___ ENTRIES PROVIDED ___
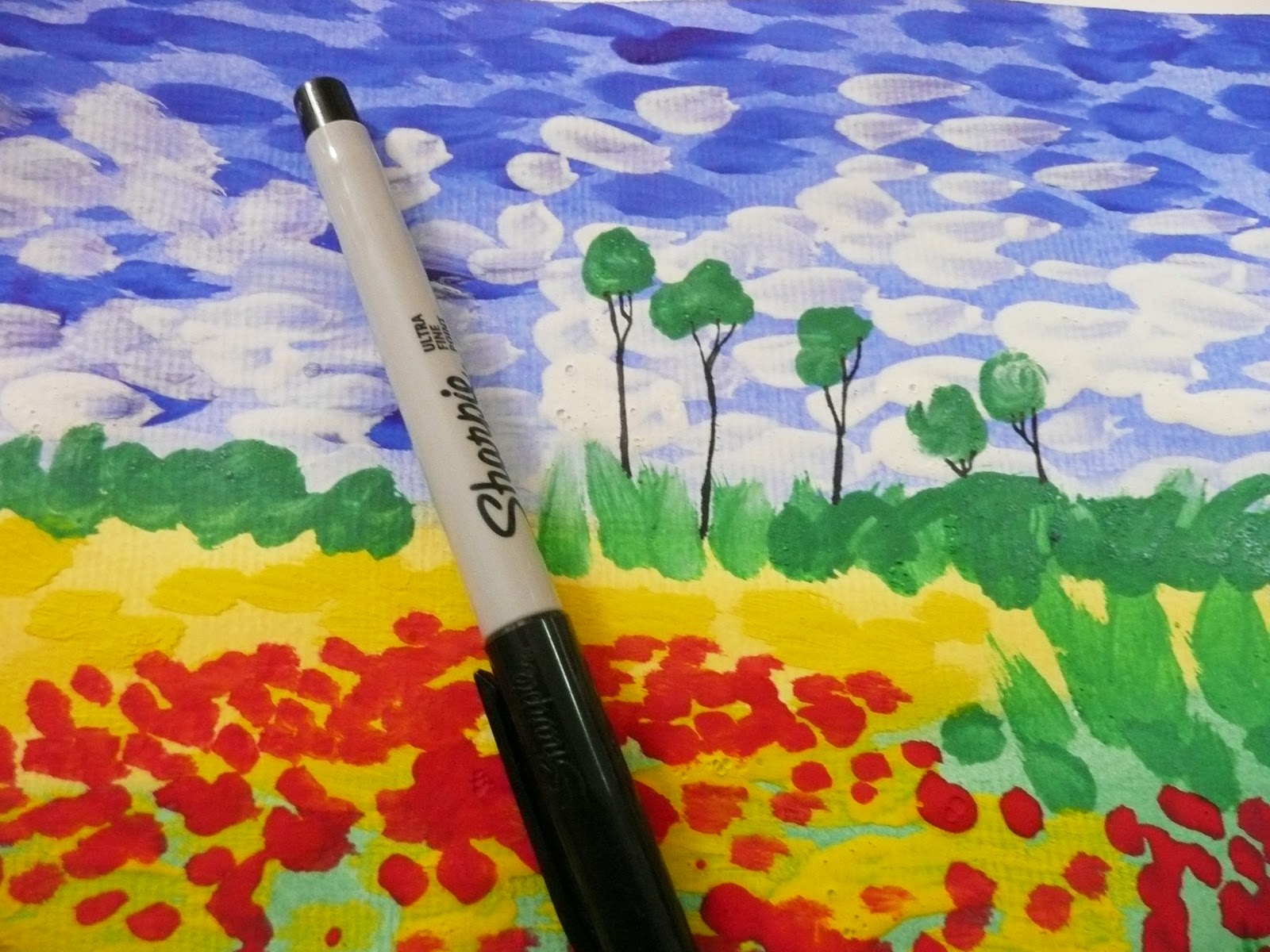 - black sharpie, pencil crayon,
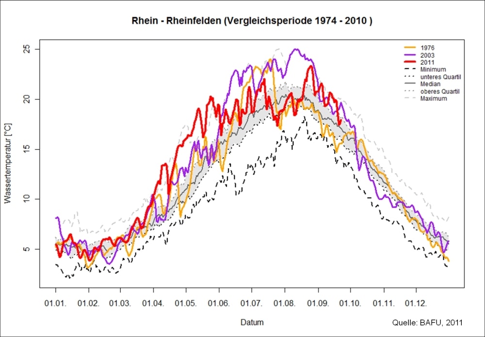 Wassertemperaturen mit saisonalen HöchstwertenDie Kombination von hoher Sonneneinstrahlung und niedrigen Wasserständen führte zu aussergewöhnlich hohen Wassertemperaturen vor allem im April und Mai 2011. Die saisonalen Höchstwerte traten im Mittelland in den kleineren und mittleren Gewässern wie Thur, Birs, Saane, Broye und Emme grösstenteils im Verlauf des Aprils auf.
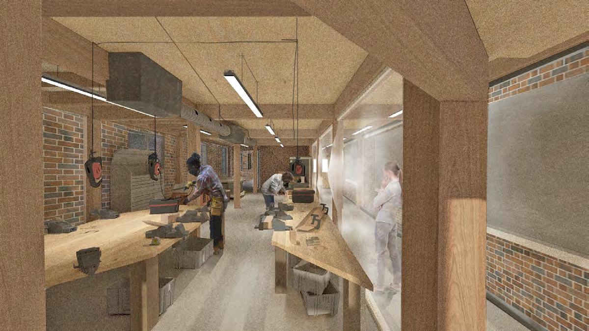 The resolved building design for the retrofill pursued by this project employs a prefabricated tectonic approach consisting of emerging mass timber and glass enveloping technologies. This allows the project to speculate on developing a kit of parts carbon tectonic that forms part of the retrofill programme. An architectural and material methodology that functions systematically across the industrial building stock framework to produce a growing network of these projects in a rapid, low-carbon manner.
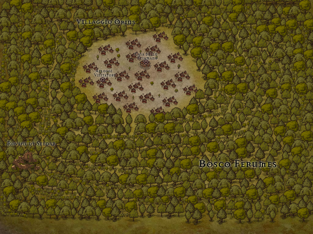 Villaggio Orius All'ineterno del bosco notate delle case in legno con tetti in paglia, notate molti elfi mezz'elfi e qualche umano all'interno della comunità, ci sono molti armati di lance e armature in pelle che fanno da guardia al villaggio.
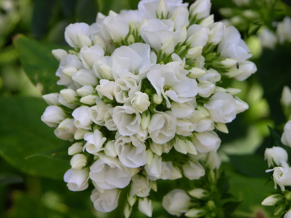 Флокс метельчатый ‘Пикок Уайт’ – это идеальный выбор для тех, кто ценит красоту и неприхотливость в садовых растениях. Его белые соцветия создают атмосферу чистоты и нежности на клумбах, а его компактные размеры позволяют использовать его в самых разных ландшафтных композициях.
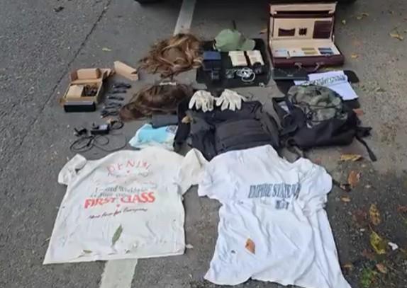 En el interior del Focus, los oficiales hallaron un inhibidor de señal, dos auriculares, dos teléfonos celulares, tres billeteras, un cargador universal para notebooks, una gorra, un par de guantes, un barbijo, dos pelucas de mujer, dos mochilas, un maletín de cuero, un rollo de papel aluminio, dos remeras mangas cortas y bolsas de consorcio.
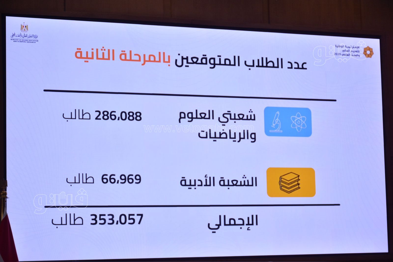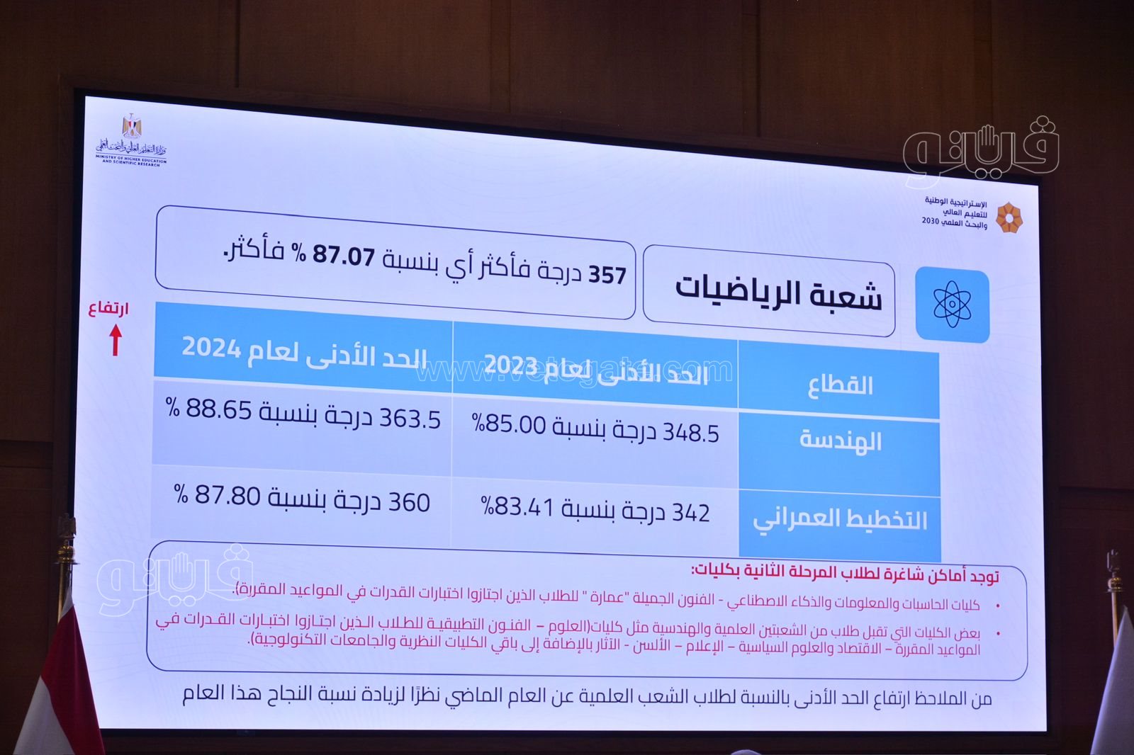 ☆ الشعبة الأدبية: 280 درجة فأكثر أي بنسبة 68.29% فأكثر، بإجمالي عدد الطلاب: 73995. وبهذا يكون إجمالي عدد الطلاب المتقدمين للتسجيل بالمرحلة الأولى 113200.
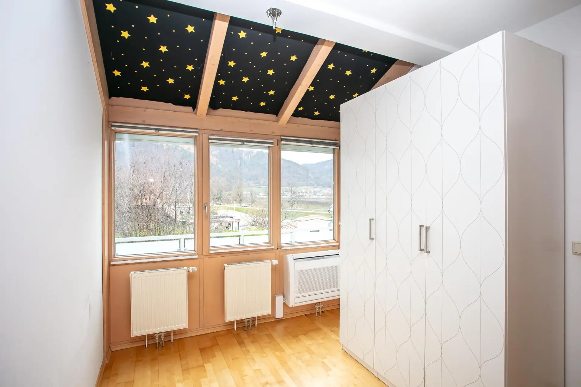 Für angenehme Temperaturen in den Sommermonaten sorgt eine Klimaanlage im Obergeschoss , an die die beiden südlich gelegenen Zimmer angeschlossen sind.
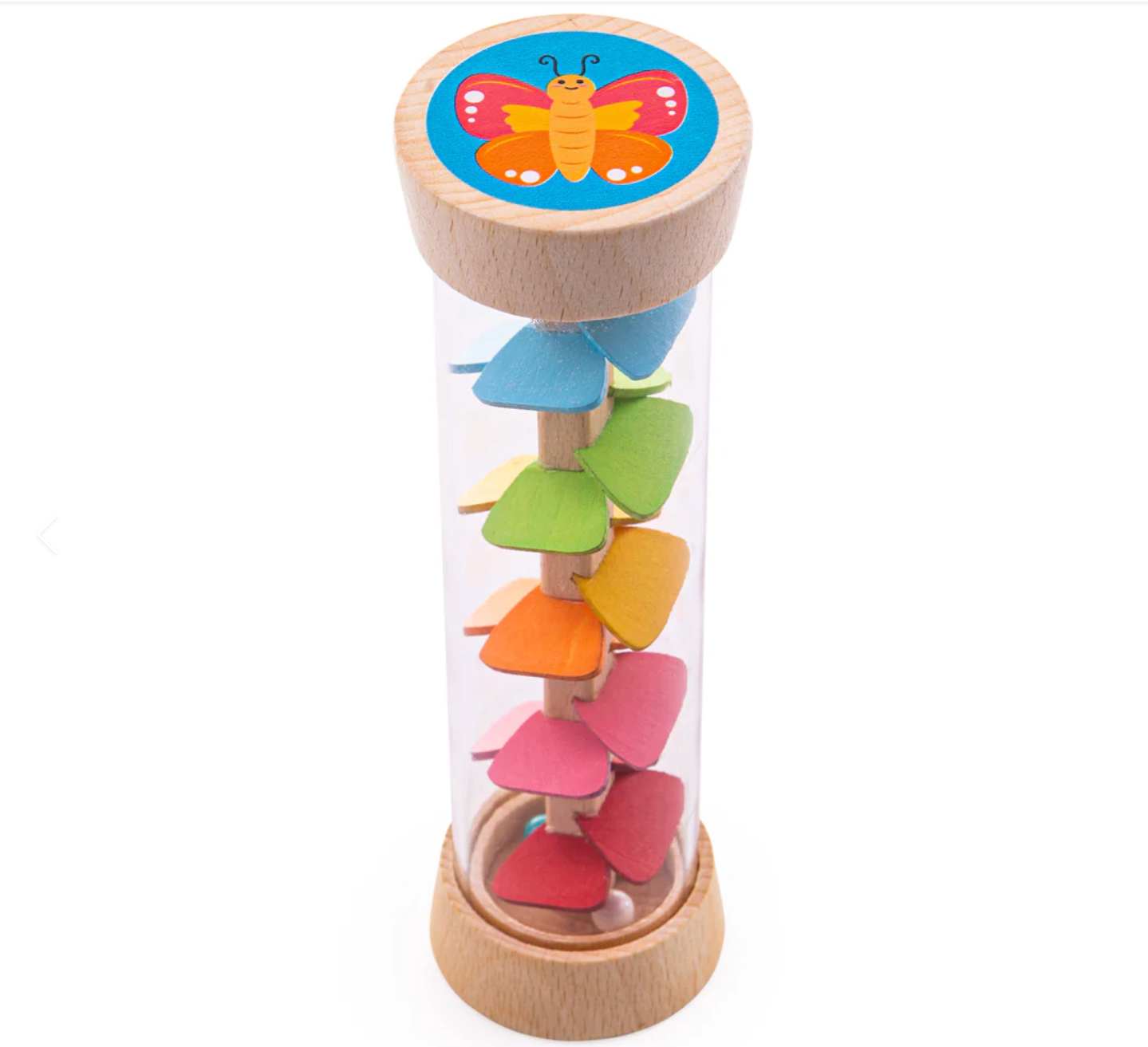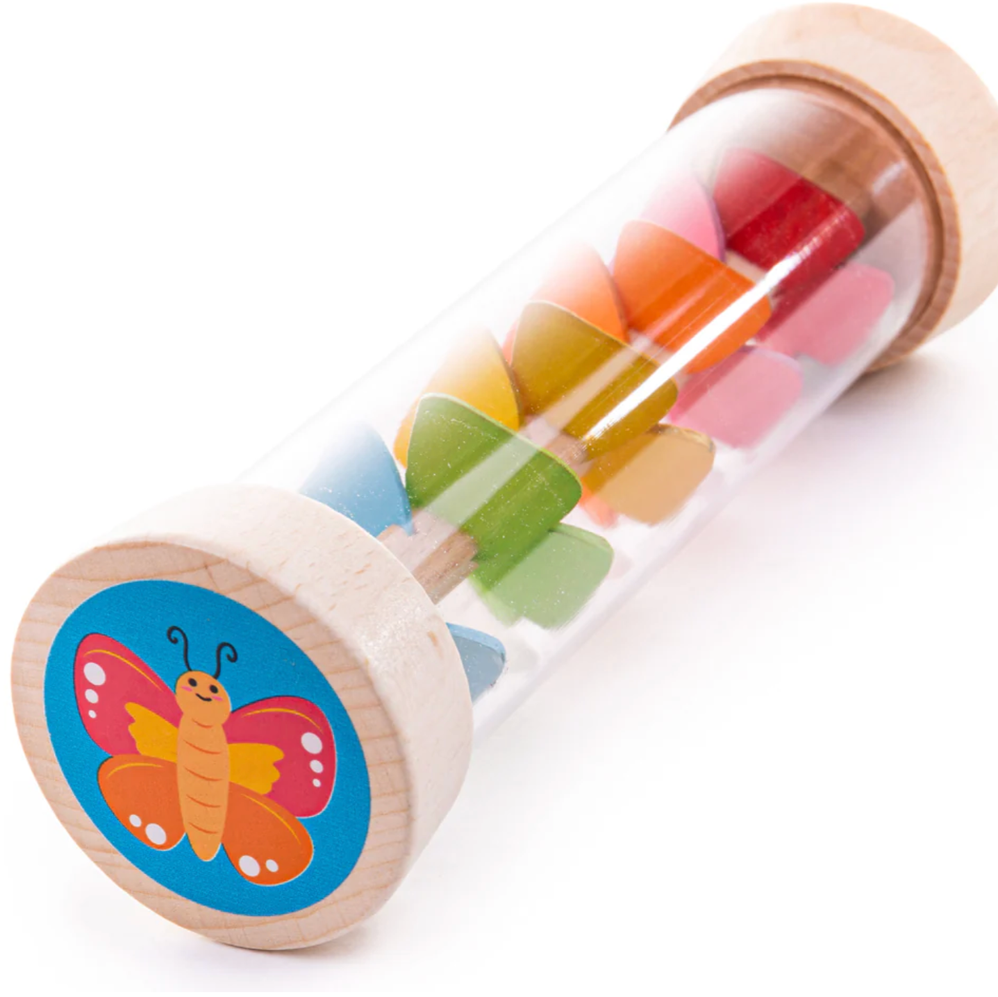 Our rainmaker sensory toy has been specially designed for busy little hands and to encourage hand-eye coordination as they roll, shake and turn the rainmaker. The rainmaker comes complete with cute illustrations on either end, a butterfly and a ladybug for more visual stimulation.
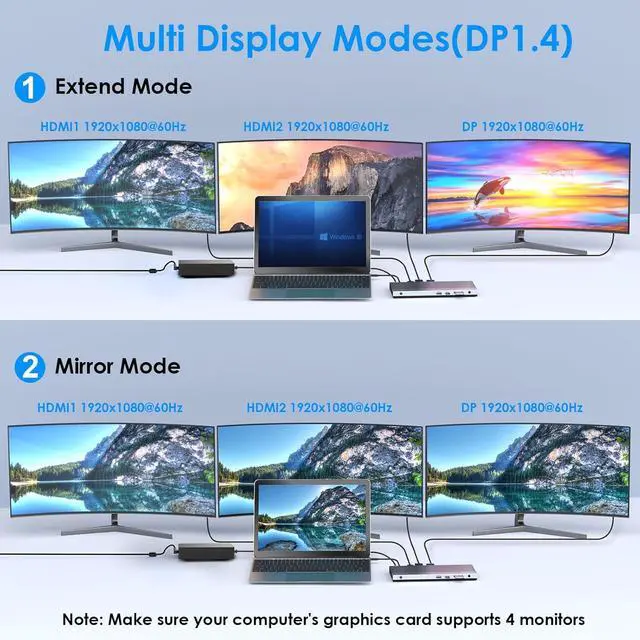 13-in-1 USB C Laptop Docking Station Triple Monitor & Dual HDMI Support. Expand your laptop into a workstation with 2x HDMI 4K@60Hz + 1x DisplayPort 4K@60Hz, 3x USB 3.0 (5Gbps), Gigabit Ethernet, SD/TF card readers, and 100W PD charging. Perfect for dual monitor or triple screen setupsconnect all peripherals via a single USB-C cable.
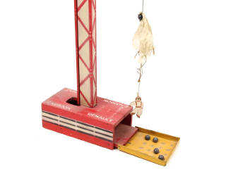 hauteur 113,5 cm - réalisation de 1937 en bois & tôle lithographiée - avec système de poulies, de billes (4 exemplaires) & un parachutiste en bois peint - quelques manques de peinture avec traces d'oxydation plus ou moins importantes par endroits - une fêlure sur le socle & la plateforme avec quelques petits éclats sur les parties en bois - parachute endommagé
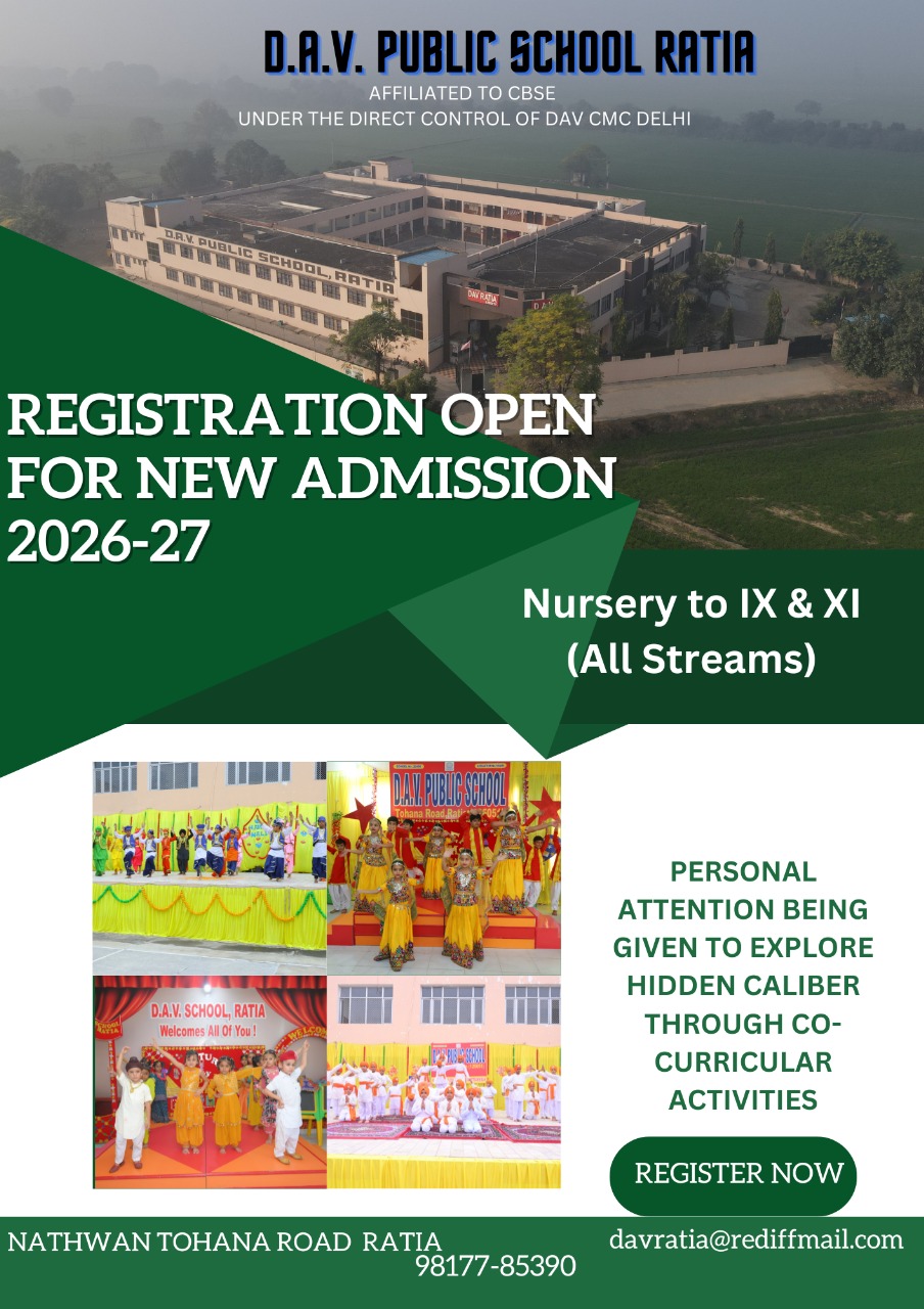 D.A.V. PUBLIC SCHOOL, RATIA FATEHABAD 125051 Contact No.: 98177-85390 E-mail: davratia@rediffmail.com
___
Please repeat, exactly as written, the lines in the records above, starting with the one that has "بالمرحلة الأولى 113200." and going on through the one that has "13-in-1 USB C". Pictures are to be left out.

* RESULT OF THE TASK
 ☆ الشعبة الأدبية: 280 درجة فأكثر أي بنسبة 68.29% فأكثر، بإجمالي عدد الطلاب: 73995. وبهذا يكون إجمالي عدد الطلاب المتقدمين للتسجيل بالمرحلة الأولى 113200.
 Für angenehme Temperaturen in den Sommermonaten sorgt eine Klimaanlage im Obergeschoss , an die die beiden südlich gelegenen Zimmer angeschlossen sind.
 Our rainmaker sensory toy has been specially designed for busy little hands and to encourage hand-eye coordination as they roll, shake and turn the rainmaker. The rainmaker comes complete with cute illustrations on either end, a butterfly and a ladybug for more visual stimulation.
 13-in-1 USB C Laptop Docking Station Triple Monitor & Dual HDMI Support. Expand your laptop into a workstation with 2x HDMI 4K@60Hz + 1x DisplayPort 4K@60Hz, 3x USB 3.0 (5Gbps), Gigabit Ethernet, SD/TF card readers, and 100W PD charging. Perfect for dual monitor or triple screen setupsconnect all peripherals via a single USB-C cable.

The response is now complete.